UNLABELLED: Probiotics are currently added to a variety of functional foods to provide health benefits to the host and are commonly used by patients with gastrointestinal complaints or diseases. The therapeutic effects of lapachol continue to inspire studies to obtain derivatives with improved bioactivity and lower unwanted effects. Therefore, the general goal of this study was to show that probiotics are able to convert lapachol and are important to assess the effects of bacterial metabolism on drug performance and toxicity.

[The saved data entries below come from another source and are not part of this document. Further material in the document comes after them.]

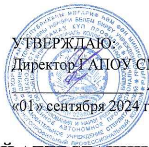
ГРАФИК ПРОМЕЖУТОЧНОЙ АТТЕСТАЦИИ на первое полугодие 2024-2025 учебного года 09.01.04 Наладчик аппаратных и программных средств инфокоммуникационных систем
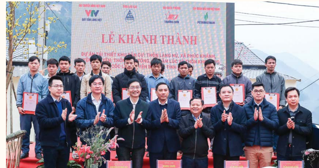
Lãnh đạo tỉnh Lào Cai, lãnh đạo Petrovietnam và CĐ DKVN cùng chung vui với người dân thôn Kho Vàng nhận Giấy chứng nhận quyền sử dụng đất
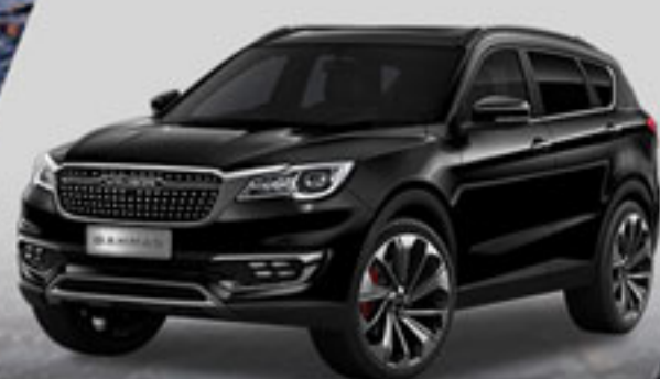
مشکی یاقوتی Sapphire Black
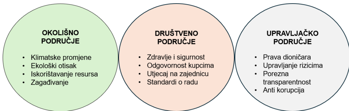
Slika 2: Područja ESG ocjene

Svaki od ESG čimbenika ima svoja područja ocjenjivanja a ona su prikazana u nastavku na Slici 3.
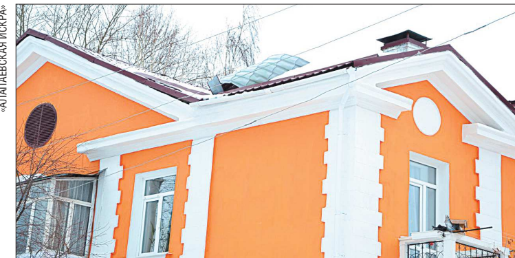
Кровля деформирована по всей площади дома
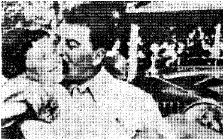
Stalin og hans datter levde et skjermet luksusliv bak Kremls murer og på landssteder. De var såvisst ingen proletarer.

Skal NS-folk ha skylden for Hitlers gjerninger, så bør vel jøssingene også ha ansvaret for Stalins.
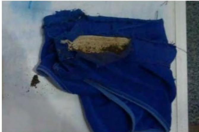
Droga escondida na calcinha de visitante do CDP de Taubaté

delegacias das cidades e tiveram seus nomes suspensos do rol de visitas da SAP.
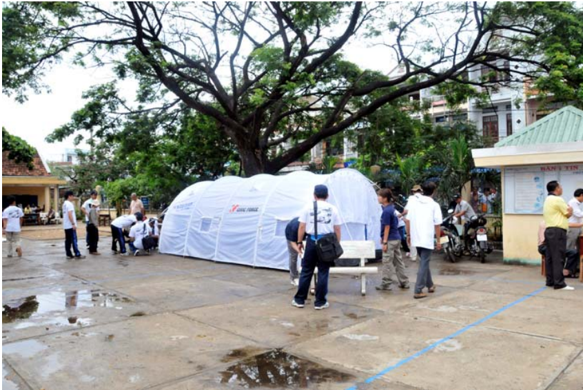
NGO医療支援用テントを展張
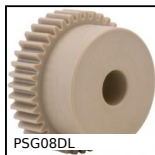
PSG08DL Engrenage droit de précision, Peek
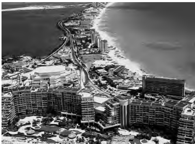
Las extensas y cálidas playas de Cancún, México, atraen a turistas de todo el mundo

Cancún, México - Alta Airline Leaders Forum. Encuentro anual de empresas aerocomerciales. Habrá seminarios, talleres, conferencias, workshop y servicios. (Hasta el jueves 15/11). www.airlineleaders.com
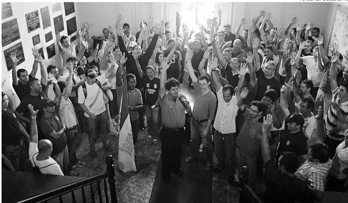
► Protesto dos servidores dentro da Prefeitura de Natal
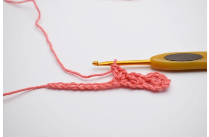
6. Haak *1 v, 1 l, 1 st* in de volgende l.

The microbial transformations of lapachol were carried out by Bifidobacterium sp. and Lactobacillus acidophilus and different metabolites were produced in mixed and isolated cultures. The cytotoxic activities against breast cancer and normal fibroblast cell lines of the isolated metabolites (4α-hydroxy-2,2-dimethyl-5-oxo-2,3,4,4α,5,9ß-hexahydroindeno[1,2-ß]pyran-9ß-carboxilic acid, a new metabolite produced by mixed culture and dehydro-α-lapachone produced by isolated cultures) were assessed and compared with those of lapachol. The new metabolite displayed a lower activity against a breast cancer cell line (IC50 = 532.7 µmol l(-1) ) than lapachol (IC50 = 72.3 µmol l(-1) ), while dehydro-α-lapachone (IC50 = 10.4 µmol l(-1) ) displayed a higher activity than lapachol. The present study is the first to demonstrate that probiotics are capable of converting lapachol into the most effective cytotoxic compound against a breast cancer cell line. SIGNIFICANCE AND IMPACT OF THE STUDY: Probiotics have been used in dairy products to promote human health and have the ability to metabolize drugs and other xenobiotics. Naphthoquinones, such as lapachol, are considered privileged scaffolds due to their high propensity to interact with biological targets. The present study is the first to demonstrate that probiotics are capable of converting lapachol into the most effective cytotoxic compound against a breast cancer cell line. The developed approach highlights the importance of probiotics to assess the effects of bacterial metabolism on drug performance and toxicity.